WILDLABS Virtual Meetup Recording: Big Data in Conservation

The WILDLABS Virtual Meetup Series is a program of webinars that bring leading engineers in the tech sector together with conservation practitioners to share information, identify obstacles, and discuss how to best move forward. 

Our third virtual meetup on Big Data in Conservation is now available to watch, along with notes that highlight the key takeaways from the talks and discussion. In the session, speakers Dave ThauDan Morris, and Sarah Davidson shared their work in 10-minute presentations followed by lively open discussion and community exchange.

Date published: 2018/11/27

Overview

The WILDLABS Virtual Meetup Series is a program of webinars for community members and wider partners to discuss emerging topics in conservation technology and leverage existing community groups for virtual exchange. The aim of the series is to bring leading engineers in the tech sector together with conservation practitioners to share information, identify obstacles, and discuss how to best move forward.

The series began in late 2018, to be continued in 2019, and will be hosted on WILDLABS via Zoom. The three topics we've chosen to cover in 2018 include Networked Sensors for Security and Human-Wildlife Conflict (HWC) PreventionNext-Generation Wildlife Tracking, and Big Data in Conservation. The first two topics centered around data collection, on wildlife populations through tracking and on protected areas and community boundaries through networked sensors, while this third topic tackles how to most effectively utilize that data.

There is a lively discussion about possible topics members would like to have space to discuss, so if you have ideas for future meetups please join the thread and share your thoughts. 

Meetup 3: Big Data in Conservation

Date & Time

Wednesday, December 12th

Main Talks: 3:00-4:00pm GMT / 10:00-11:00am EST

Additional half hour for discussion: 4:00-4:30pm GMT / 11:00-11:30 EST

Background & Need

With new technologies revolutionizing data collection, wildlife researchers are becoming increasingly able to collect data at much higher volumes than ever before. Now we are facing the challenges of putting this information to use, bringing the science of big data into the conservation arena. With the help of machine learning tools, this area holds immense potential for conservation practices. The applications range from online trafficking alerts to species-specific early warning systems to efficient movement and biodiversity monitoring and beyond.

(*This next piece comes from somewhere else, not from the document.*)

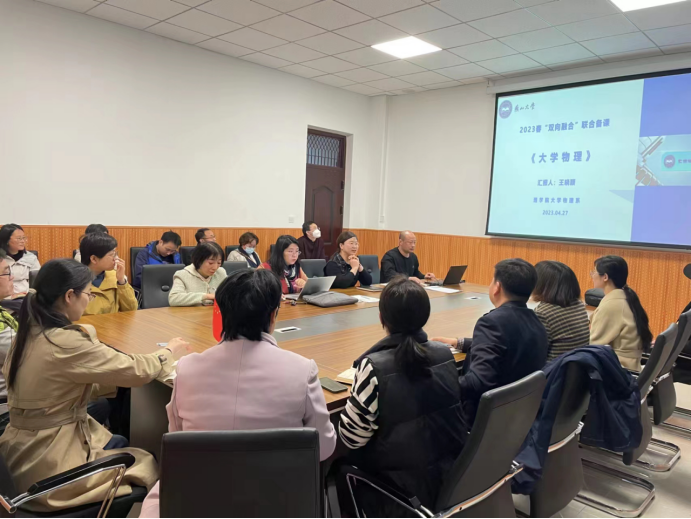 为提高大学物理课程与思政课同向同行,提升协同育人实效,按照学校和学院关于“双向融合”教研活动的安排,2023年4月27日上午,大学物理系全体教师与马克思主义学院的思政教师刘伟、宋彩红在理学楼A508举行了联合备课和教学观摩教研活动。会议由《大学物理BII》课程思政示范课程项目负责人张素红主持,理学院副院长王明利全程参加了会议。

However, the process of building effective machine learning tools depends upon large amounts of standardized training data, and conservationists currently lack an established system for standardization. Therefore, how to best develop such a system and incentivize data sharing are questions at the forefront of this work. There are currently multiple AI-based conservation initiatives, including Wildlife Insights and WildBook, that are pioneering applications on this front. Building upon our two previous virtual meetups, as well as recent conversations taking place within the broader conservation tech community, this discussion will address current efforts, illustrate how they fit together, and frame them within these broader questions about the future of big data in conservation.

Outcomes

The aims of this discussion are as follows: to introduce the technologies used for processing big data in the context of conservation; to describe how they are being used for conservation, including what needs they are addressing in conservation practice and how different approaches fit together; to identify the obstacles in advancing the capacity of these technologies from both field and tech perspectives; and to discuss the future of big data tech, including the sustainability of its applications and how best to collaborate moving forward.

Agenda

  • Welcome and introductions (5 min)

  • Dave Thau, Data and Technology Global Lead Scientist at WWF-US (10 min)

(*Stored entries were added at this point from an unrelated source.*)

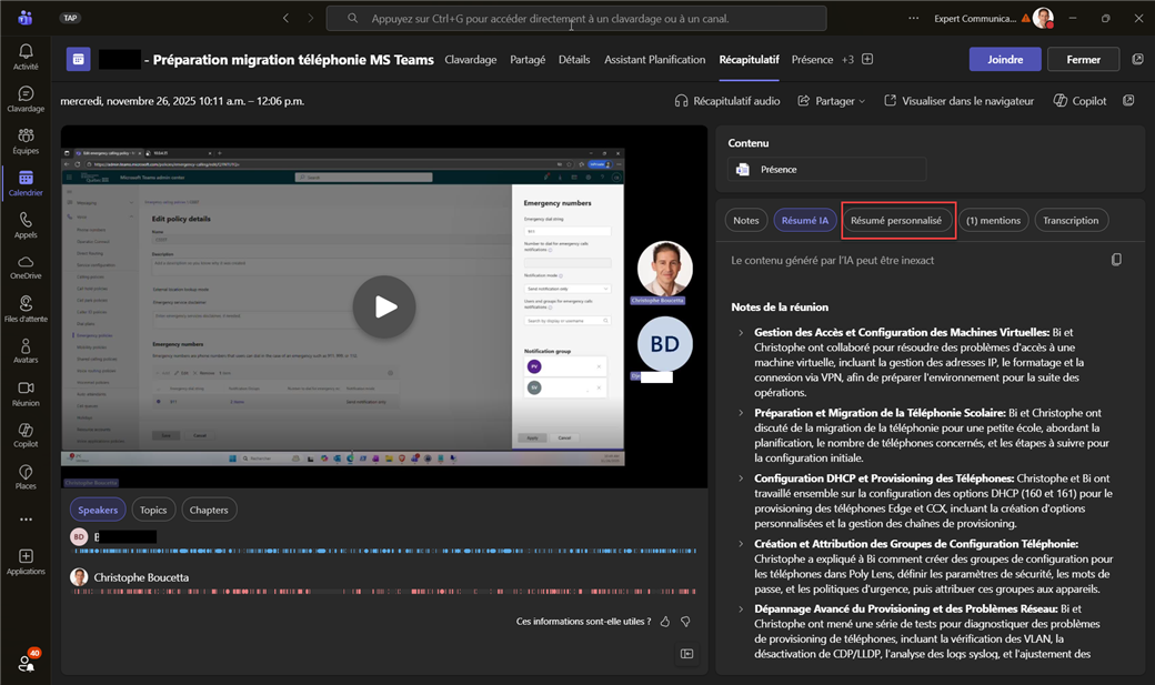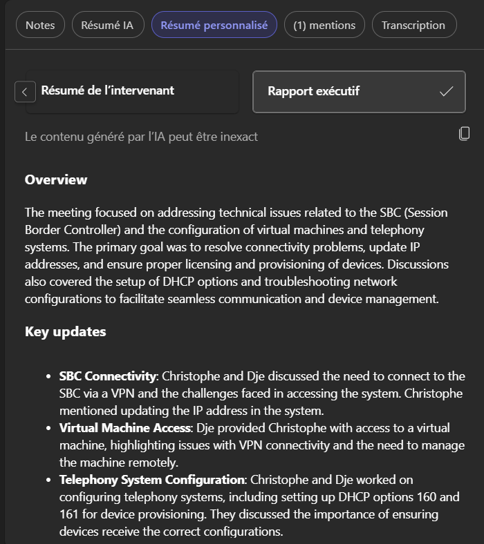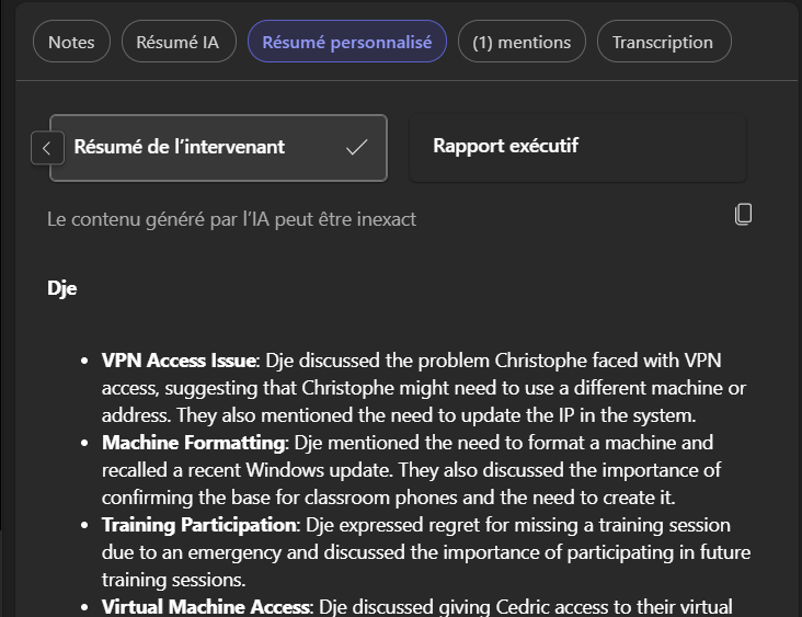 Cette fonctionnalité permet aux utilisateurs à gagner du temps en générant automatiquement des notes de réunion, des tâches recommandées et des points saillants personnalisés.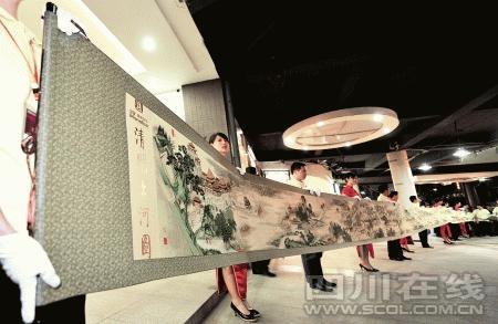 經(jīng)過37位設(shè)計師1年半時間的研發(fā),18位專業(yè)高級繡師歷時180多天、巧奪天工的繡制,長22米的《清明上河圖》十字繡,昨(30日)晚在成都首次公開亮相。這幅特殊的十字繡總共使用了116505米繡線,共計2032611針,重達(dá)20600克,是目前世界上最長的十字繡藝術(shù)品。18位技師從2008年7月20日起開始繡制,至2009年1月20日完工,共繡制人物814人,動物83匹,船只29艘,房屋樓宇30多棟,車13輛,轎8頂,橋17座,樹木180棵,人物往來衣著不同,神情各異,栩栩如生。作品將在第二屆非物質(zhì)文化遺產(chǎn)節(jié)上正式展出。(譚曦 攝)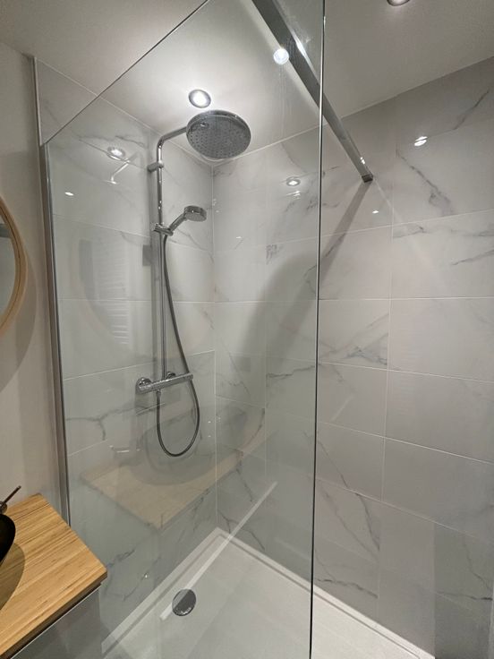 • Une salle de douche contemporaine

  • Dan Morris, Principal Researcher, Microsoft - AI for Earth (10 min)

  • Sarah Davidson, Data Curator at Movebank (10 min)

  • Q&A discussion with speakers (20 min)

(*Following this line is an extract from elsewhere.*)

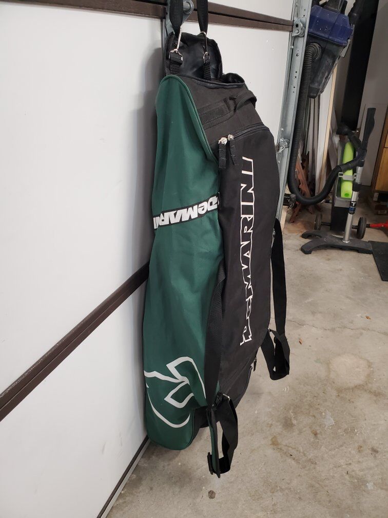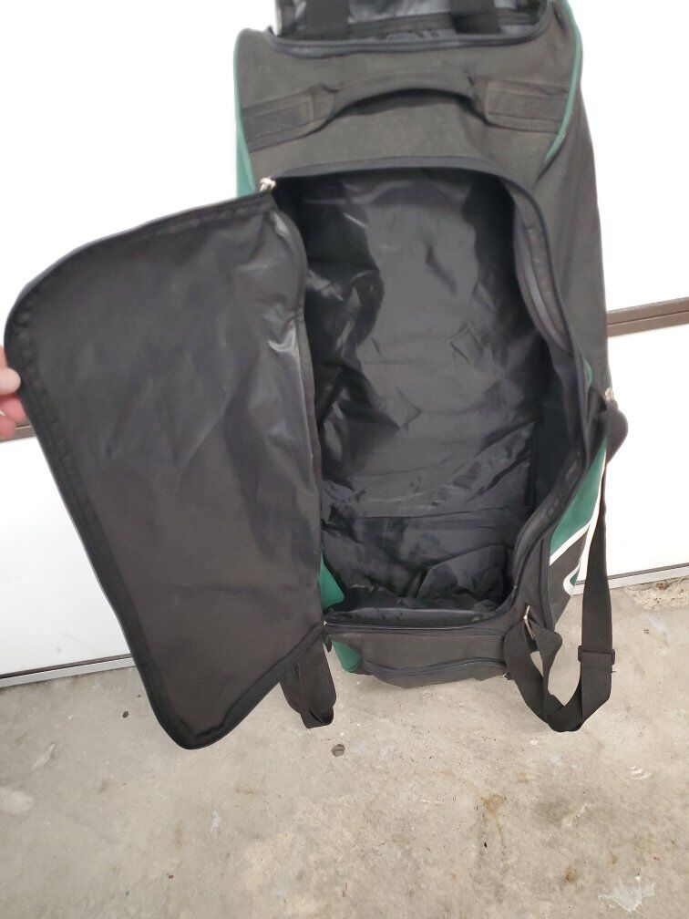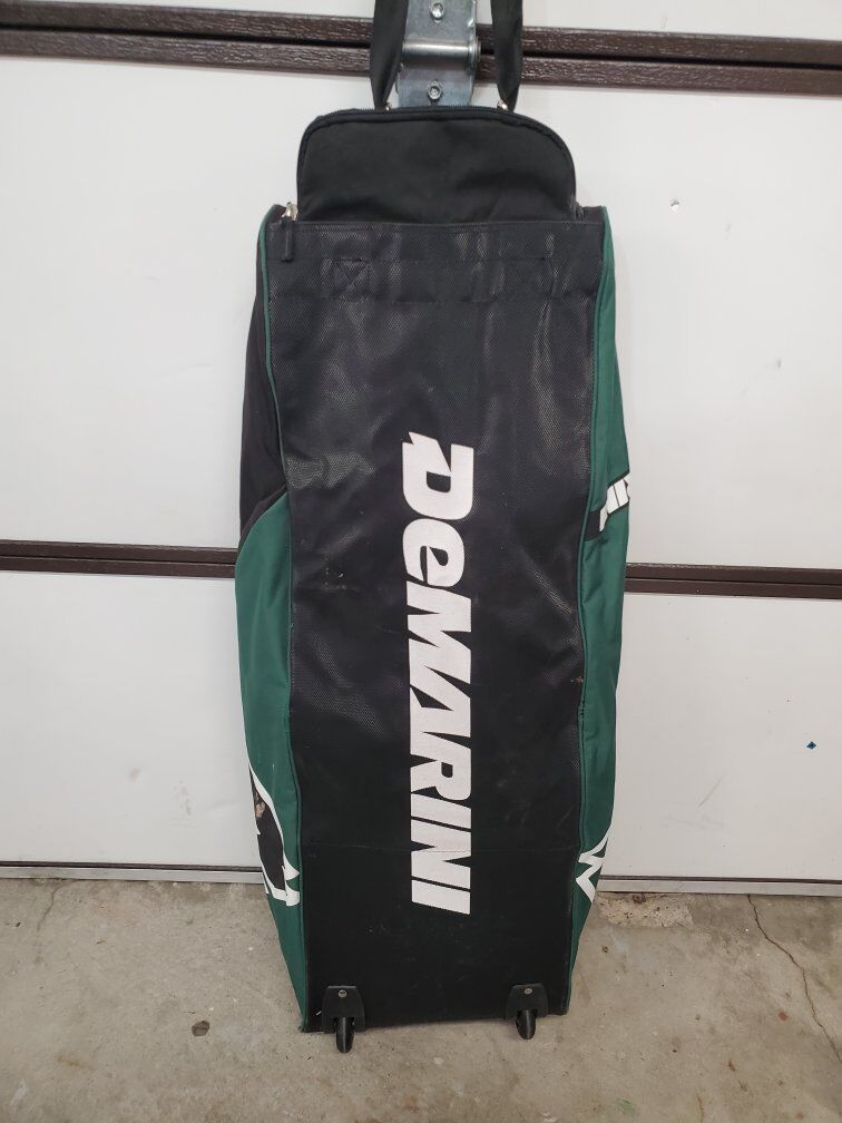 VenmoThis Demarini wheeled drag bag is lightweight and simple, but it does have an insulated bottle pocket. The main pocket opens nice and wide for easy loading and unloading of gear. Great for catchers gear. It can hold multiple bats in the deep back pocket.

  • Optional ongoing discussion and community exchange (30 min)

  • Takeaways and wrap up (5 min)

Recording

Big Data Meetup Link to Video Recording

Click through here to watch the full meetup.

Virtual Meetup Notes

For our final WILDLABS Virtual Meetup of 2018, we were joined by over 100 attendees from all over the world! Thanks to everyone who participated in the live chat and Q&A, and especially to those of you who were able to stay on for the discussion at the end. There were so many great questions that even that extra half hour didn't let us cover them all. It has been wonderful to see so much enthusiasm around these meetups, and we look forward to continuing the series in the new year. For those of you who were unable to join live, we've recorded the session so that you may view it at your convenience. We've shared key takeaways in the notes below.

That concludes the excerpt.